What rules? Pick them, rules of storytelling, rules of filmmaking, rules of editing. The only logic it follows is dream-logic, but who's the one dreaming? I mean, I know Dali & Bunuel had dreams that contributed to the film, Dali dreaming about the hand crawling with ants, Bunuel with the cloud cutting across the moon, but who's the person having the dreams of these sequence of events within the frame of the movie? Of course, that's assuming there's a frame to begin with.
This film begins with a man sharpening a razor blade, and a cloud splicing across a moon, before the man slices the blade across a girl’s eye. (Actually it was a calf’s eye, which, um, better, I guess? [Shrugs]) Then we see a transvestite fall off a bicycle. A girl, who was reading about Vermeer sees the transvestive and helps him up to her apartment, (Assuming any two scenes are actually in any remote way connected to each other to begin with, which is at most a stretch.) . Then she's seen sorting ties and collecting men's clothing. The transvestite is now in the room with her and stares at his hand, which has a hole with ants coming in and out it and crawling all up and down his hand. Then there's a severed hand on the street that's being picked at by a cane by a man, or a woman, and now there's a crowd. An officer helps the woman collect her severed hand and puts it back into her, box that looks like the tie box the woman at the window had earlier.

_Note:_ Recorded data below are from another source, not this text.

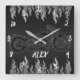 Black Leather & Silver Flames Hot Fire Motorcycle Square Wall Clock
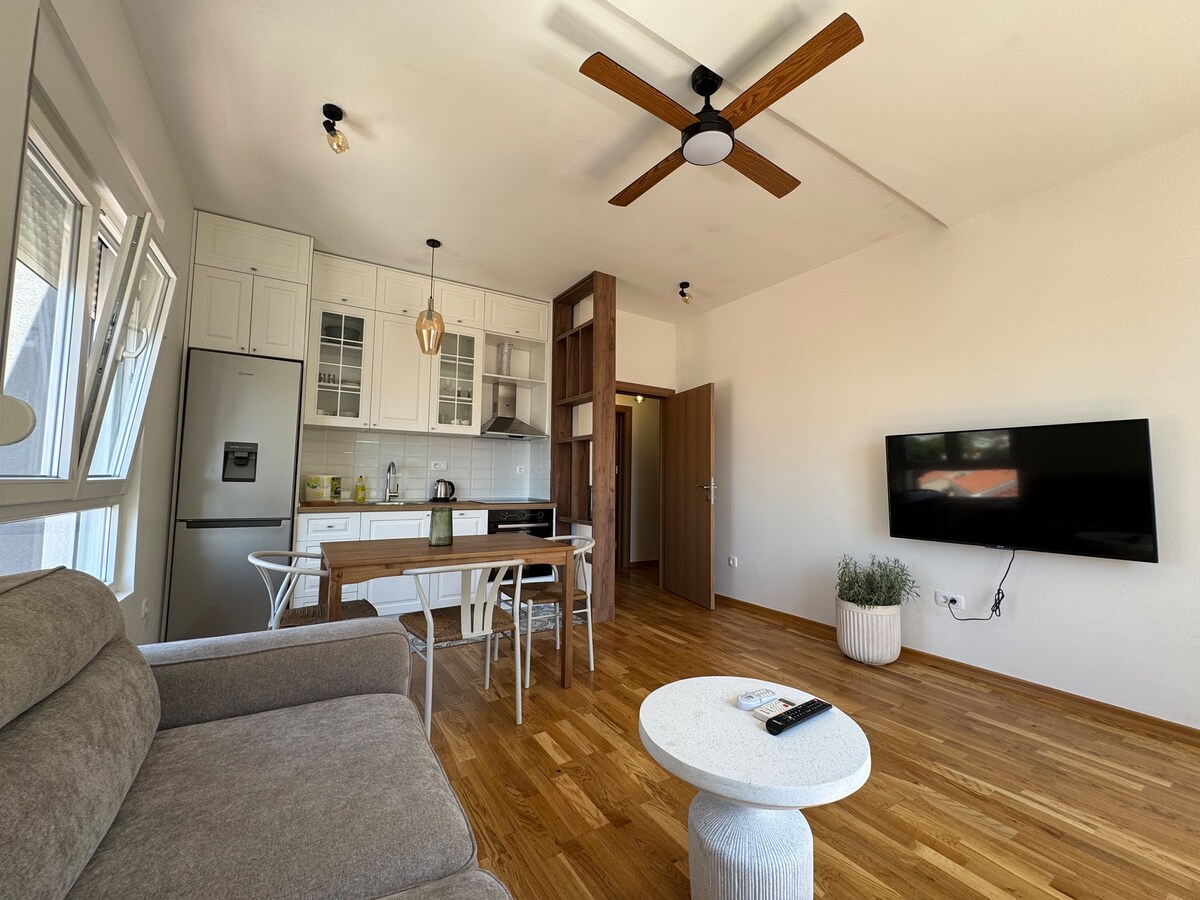 Fully furnished with modern interiors brand new apartment in the hearth of Budva! Within walking distance of day & nightlife options. Exclusive restaurants, cafes, supermarkets, night clubs, 4-minutes walking distance from waterfront promenade/beach. In the middle of all actions but just far enough where it won't affect your SLEEP. Enjoy beautiful views of the sea and the city of Budva from the private balcony. THIS IS THE PLACE TO STAY.
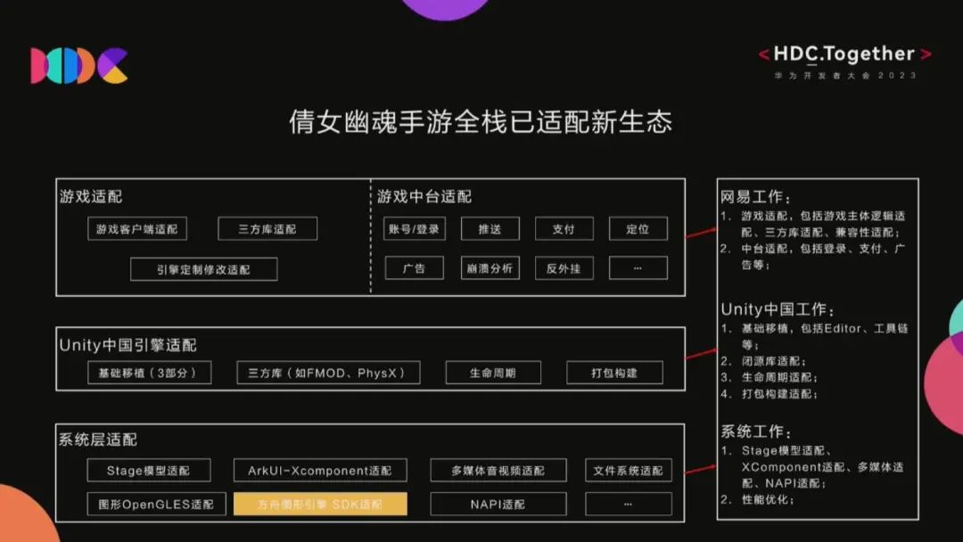 同时,网易也在HDC展示了首款适配开源鸿蒙生态的Unity中国引擎游戏《倩女幽魂》手游。乐元素则在HDC上分享了耗时半年左右《开心消消乐》的鸿蒙适配全过程。
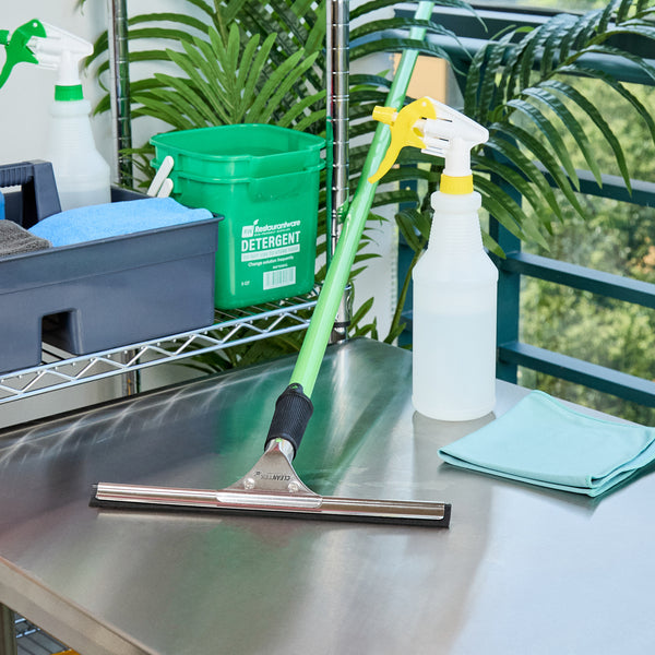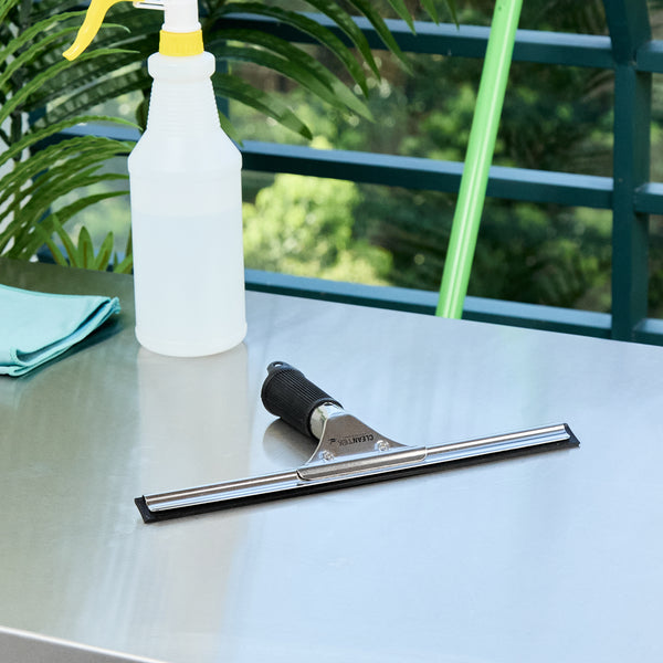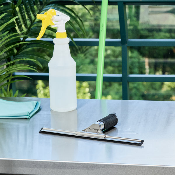 Elevate your cleaning routine with our Clean Tek Professional Stainless Steel Window Squeegee. This car squeegee features a non-slip grip rubber handle that ensures secure and comfortable control, reducing the risk of slipping during use. With a premium rubber blade, this commercial squeegee offers a smooth, streak-free cleaning experience, efficiently removing water and residue from glass surfaces. Built with a durable stainless steel frame, this window squeegee provides long-lasting performance. Perfect for various applications, this window washing squeegee works wonders on vehicle windshields, leaving them spotless and clear. Measuring 11.81 inches in length by 5.91 inches in width by 1.18 inches in height, this windshield squeegee is compact yet highly effective. Sold in a 1 count box.

Then she stands in the street until a car runs over her. Now, the Girl in the room defends herself against the Transvestite, I think, who's now a man with ants in his hands, I think, who’s just groped the hell out of her breasts (silent film rape, maybe, I guess?).while fantasizing about, her being naked and feeling her up...? He then chases her around the room before she defends herself against him with, I think a racquet of some kind. He then tries attacking her again but is slowed down by dragging a piano with two dead donkeys, two stones tablets (presuming the Ten Commandments), and two priests on his back.
And then it gets weird.
Mostly though, "Un Chien Andalou" exists best to be used, the way my teacher used it, just to show others in order to freak them the fuck out.